(Provided material Opens)
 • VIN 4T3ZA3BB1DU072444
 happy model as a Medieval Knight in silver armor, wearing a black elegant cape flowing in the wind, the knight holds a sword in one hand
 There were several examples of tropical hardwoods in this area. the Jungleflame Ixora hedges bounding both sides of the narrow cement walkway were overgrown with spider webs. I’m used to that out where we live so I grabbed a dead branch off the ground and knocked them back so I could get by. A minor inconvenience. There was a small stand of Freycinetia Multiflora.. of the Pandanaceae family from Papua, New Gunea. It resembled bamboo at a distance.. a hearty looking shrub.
(Provided material Closes)
### Exercise objective
The answer is to be the complete listing, transcribed exactly.

### Task response
 • VIN 4T3ZA3BB1DU072444
 happy model as a Medieval Knight in silver armor, wearing a black elegant cape flowing in the wind, the knight holds a sword in one hand
 There were several examples of tropical hardwoods in this area. the Jungleflame Ixora hedges bounding both sides of the narrow cement walkway were overgrown with spider webs. I’m used to that out where we live so I grabbed a dead branch off the ground and knocked them back so I could get by. A minor inconvenience. There was a small stand of Freycinetia Multiflora.. of the Pandanaceae family from Papua, New Gunea. It resembled bamboo at a distance.. a hearty looking shrub.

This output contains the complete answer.